Stored entries:
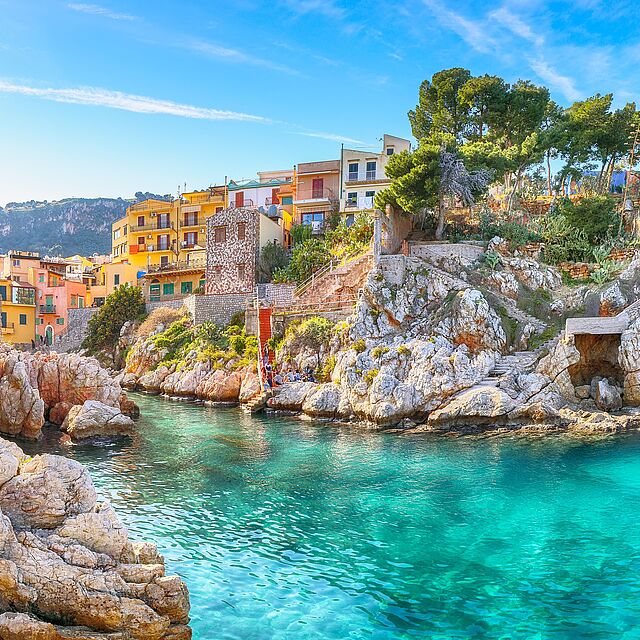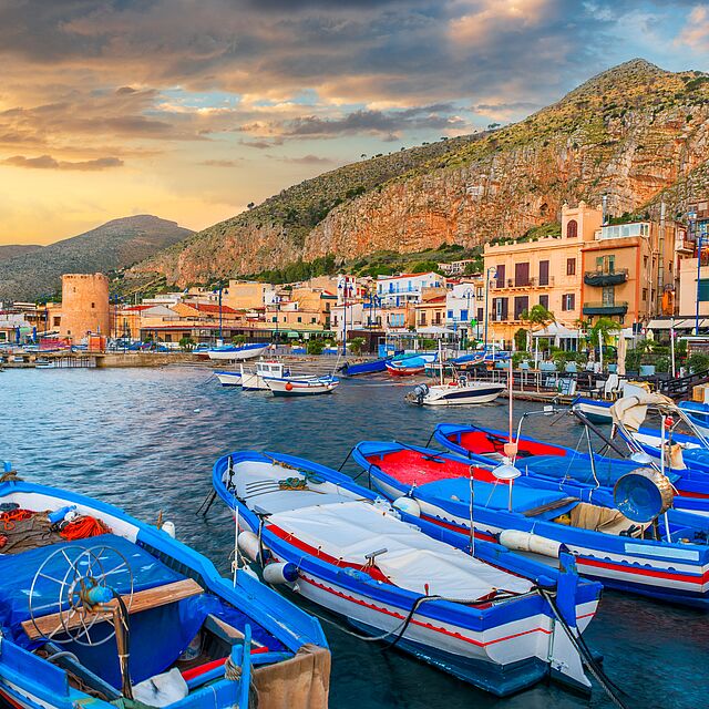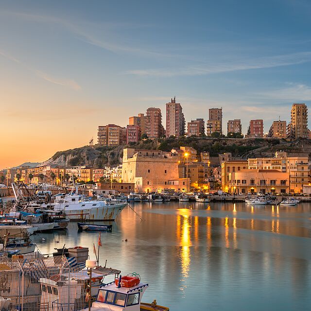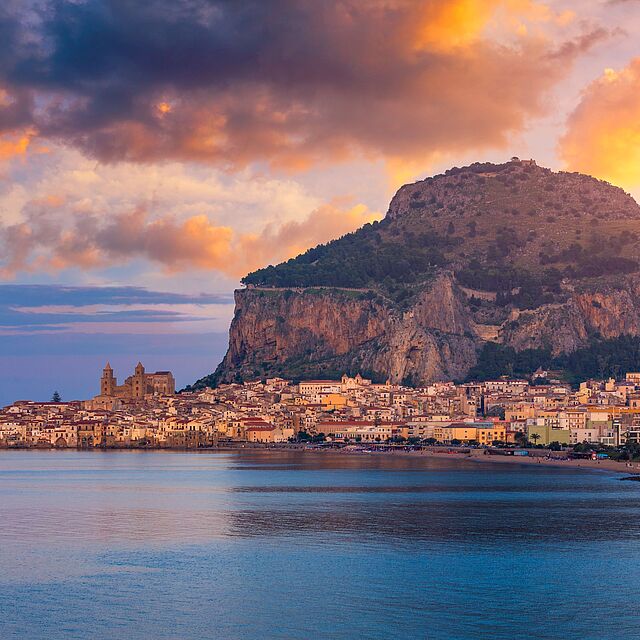 Willkommen in Sizilien! Zitronen, Mandeln, Oliven und Wein, quirlige Städte, uralte Tempel, herrliche Sandstrände und noch viel mehr erwartet Sie auf der größten Mittelmeerinsel. Entdecken Sie die Reize von Palermo, Syrakus und Taormina und wandern Sie hoch oben auf dem Ätna durch die dampfende Kraterlandschaft. Residieren Sie in fürstlichen Hotels, lassen Sie sich von der landestypischen Küche verwöhnen und schnuppern Sie orientalisches Flair im Westen, wo sich die Nähe zu Tunesien auf Märkten und an Hausfassaden widerspiegelt. Wer sein Bild von Italien vervollständigen möchte, muss einfach nach Sizilien kommen. Oder wie Goethe es so schön formulierte: “Italien ohne Sizilien macht gar kein Bild in der Seele. Hier ist erst der Schlüssel zu allem.“ Dieses Paradies wird auch Ihr Herz im Sturm sicher erobern. Erleben Sie unvergessliche Momente voller Magie unter der italienischen Sonne.
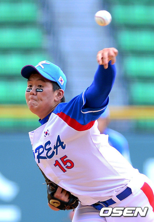 5일 오후 서울 잠실구장에서 열린 '세계청소년야구선수권대회' 한국과 대만의 경기, 1회초 한국 선발 이수민이 역투하고 있다.
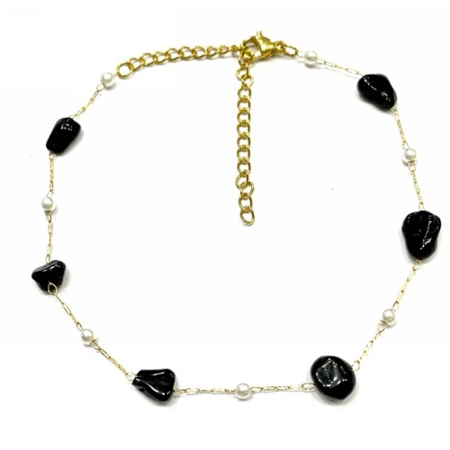 Βραχιόλι Ποδιού Ατσάλι Ατσάλι ΧΡΩΜΑ:Χρυσό / Μαύρες..
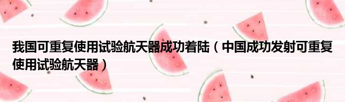 我國可重復使用試驗航天器成功著陸(中國成功發射可重復使用試驗航天器)
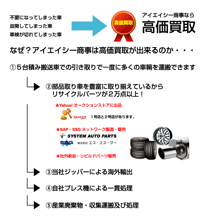 北海道・道北 旭川市での事故車・廃車・不要な車の引き取り、リサイクルパーツ(中古部品)はアイエイシー商事にお任せ下さい
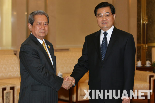 5月28日,國家主席胡錦濤在北京人民大會堂會見泰國總理素拉育
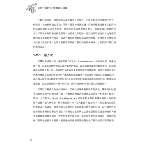本書適用於對行動行銷感興趣的讀者,不管是行銷人員、開店老闆、社群管理員、網站設計和產品企劃人員、App開發者以及相關網際網路從業人員,書中包含了最詳盡行動行銷的觀念解析,完整且詳實介紹行動行銷相關議題、重要觀念及最新行動行銷工具。精彩篇幅包括:
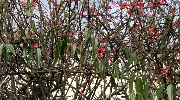 3. Flowering hedge – the Japanese quince continues to send out suckers and I continue to slice or dig them out. This is the time of year when I can forgive its thugish behaviour. Intermingling is Clematis armandii Appleblossom; look closely and you will see clusters of buds.
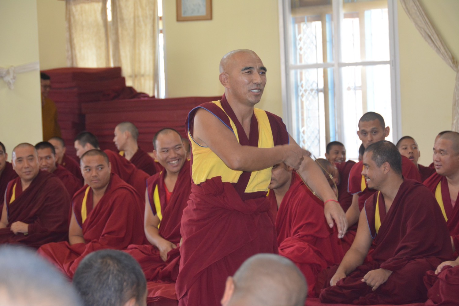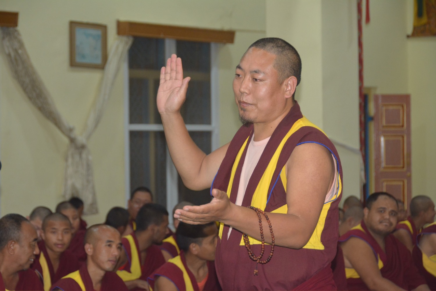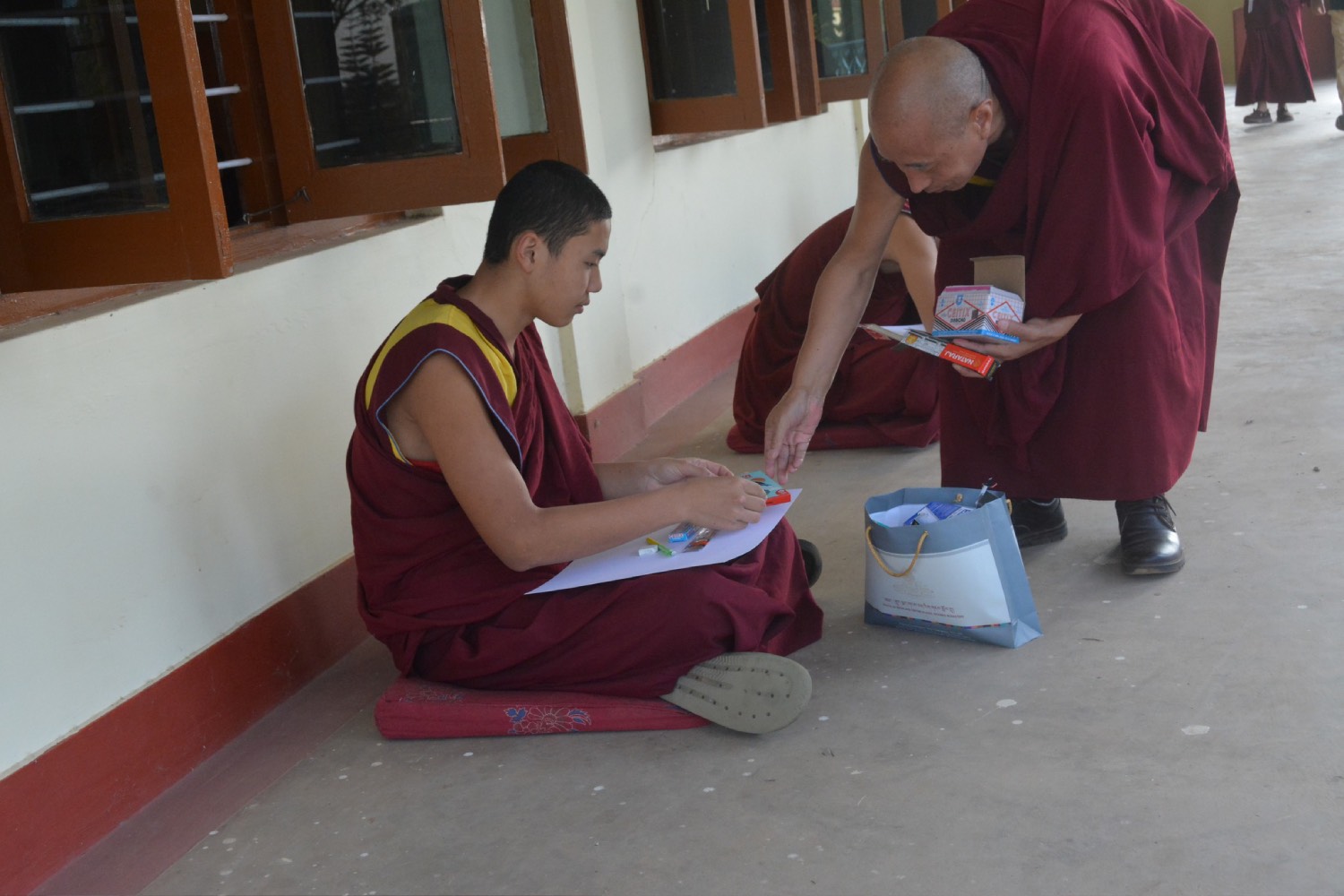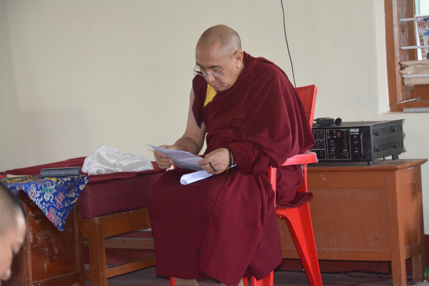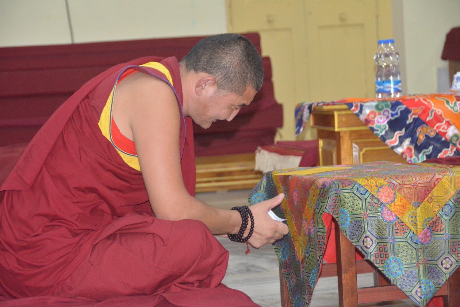 གདན་ས་ཁག་ནས་ལྷོ་ཕྱོགས་དཔལ་ལྡན་སྨད་རྒྱུད་གྲྭ་ཚང་དུ་ཆོས་ཐོག་འགྲིམ་བཞིན་པའི་
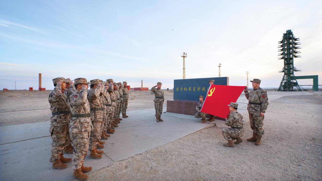 金塔縣航天民兵連黨員民兵在東方紅衛(wèi)星升起的地方重溫入黨誓詞。
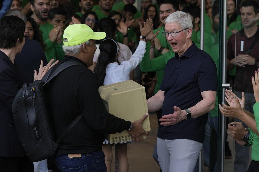 美國蘋果公司(Apple)於印度金融中心孟買開首間零售旗艦店,行政總裁庫克(Tim Cook)今日主持開幕儀式,這是他7年來首次踏足印度。約300人排隊「朝聖」,部分人更在前一晚到來,庫克親民地與眾人自拍,當一名果迷抬著一部蘋果1987年出產的電腦Macintosh SE走到他面前時,庫克見到O嘴超驚喜,真情流露。
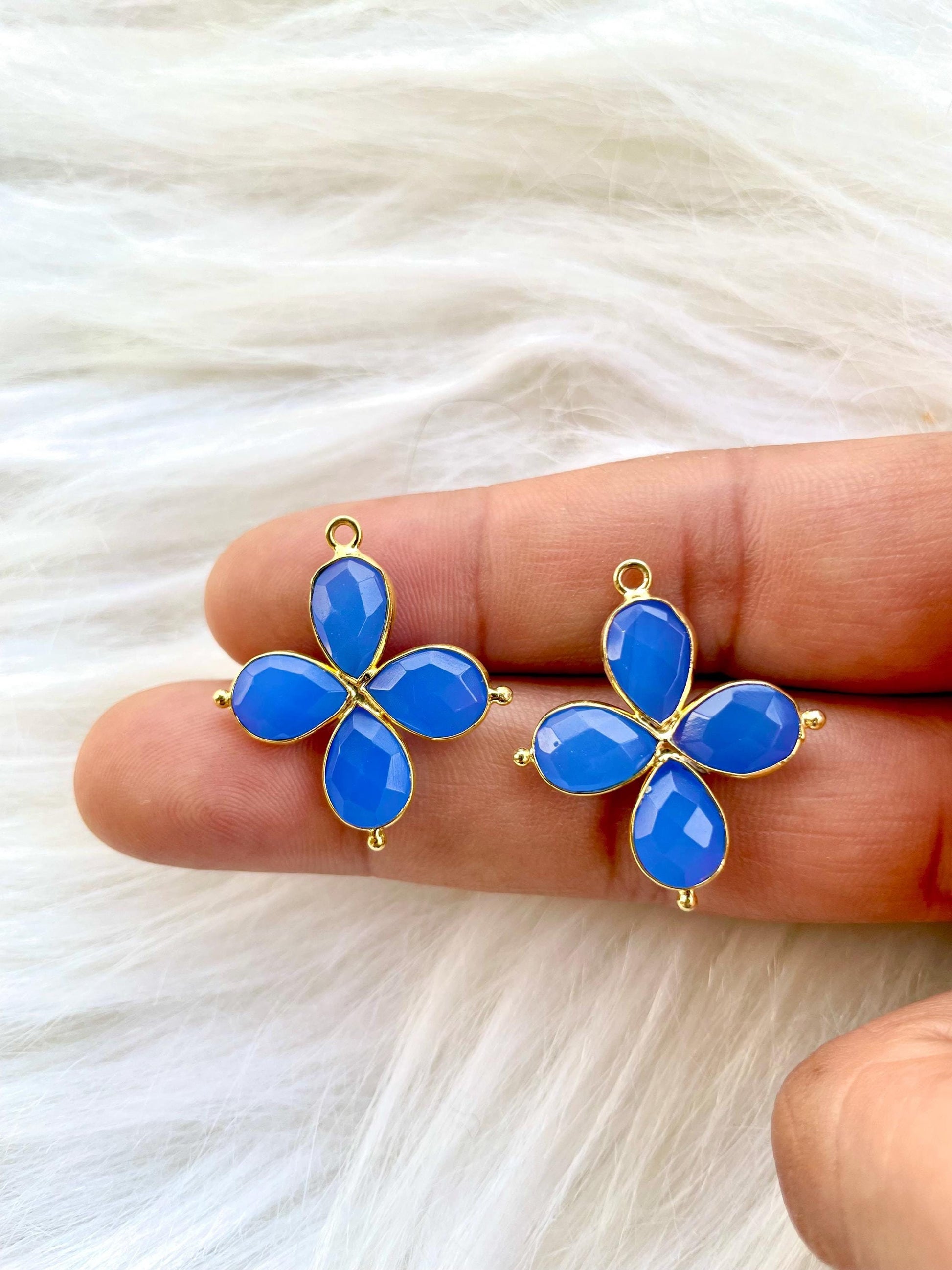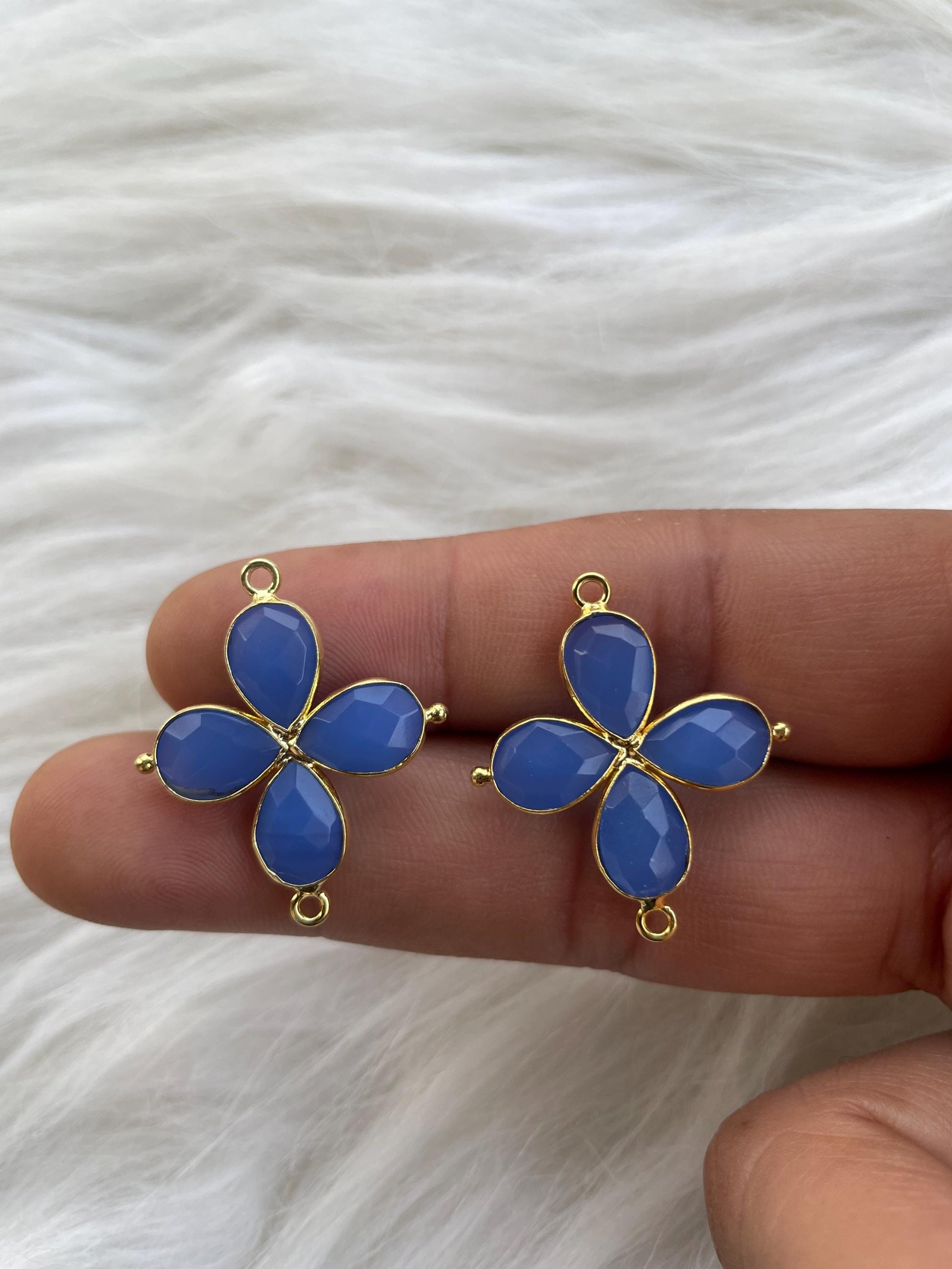 Blue Chalcedony Teardrop Pendant,Blue Gemstone jewelry,Chalcedony Bezel connectors,Gemstone Bracelet Charms,Double Loop connector,Gifts,P122

- _What is expected_:
What is needed is an exact copy of the lines from the one containing "我國可重復使用試驗航天器成功著陸(中國成功發射可重復使用試驗航天器)" through the last line of the records, with every picture left out.

- _Output for this exercise_:
 我國可重復使用試驗航天器成功著陸(中國成功發射可重復使用試驗航天器)
 北海道・道北 旭川市での事故車・廃車・不要な車の引き取り、リサイクルパーツ(中古部品)はアイエイシー商事にお任せ下さい
 5月28日,國家主席胡錦濤在北京人民大會堂會見泰國總理素拉育
本書適用於對行動行銷感興趣的讀者,不管是行銷人員、開店老闆、社群管理員、網站設計和產品企劃人員、App開發者以及相關網際網路從業人員,書中包含了最詳盡行動行銷的觀念解析,完整且詳實介紹行動行銷相關議題、重要觀念及最新行動行銷工具。精彩篇幅包括:
 3. Flowering hedge – the Japanese quince continues to send out suckers and I continue to slice or dig them out. This is the time of year when I can forgive its thugish behaviour. Intermingling is Clematis armandii Appleblossom; look closely and you will see clusters of buds.
 གདན་ས་ཁག་ནས་ལྷོ་ཕྱོགས་དཔལ་ལྡན་སྨད་རྒྱུད་གྲྭ་ཚང་དུ་ཆོས་ཐོག་འགྲིམ་བཞིན་པའི་
 金塔縣航天民兵連黨員民兵在東方紅衛(wèi)星升起的地方重溫入黨誓詞。
 美國蘋果公司(Apple)於印度金融中心孟買開首間零售旗艦店,行政總裁庫克(Tim Cook)今日主持開幕儀式,這是他7年來首次踏足印度。約300人排隊「朝聖」,部分人更在前一晚到來,庫克親民地與眾人自拍,當一名果迷抬著一部蘋果1987年出產的電腦Macintosh SE走到他面前時,庫克見到O嘴超驚喜,真情流露。
 Blue Chalcedony Teardrop Pendant,Blue Gemstone jewelry,Chalcedony Bezel connectors,Gemstone Bracelet Charms,Double Loop connector,Gifts,P122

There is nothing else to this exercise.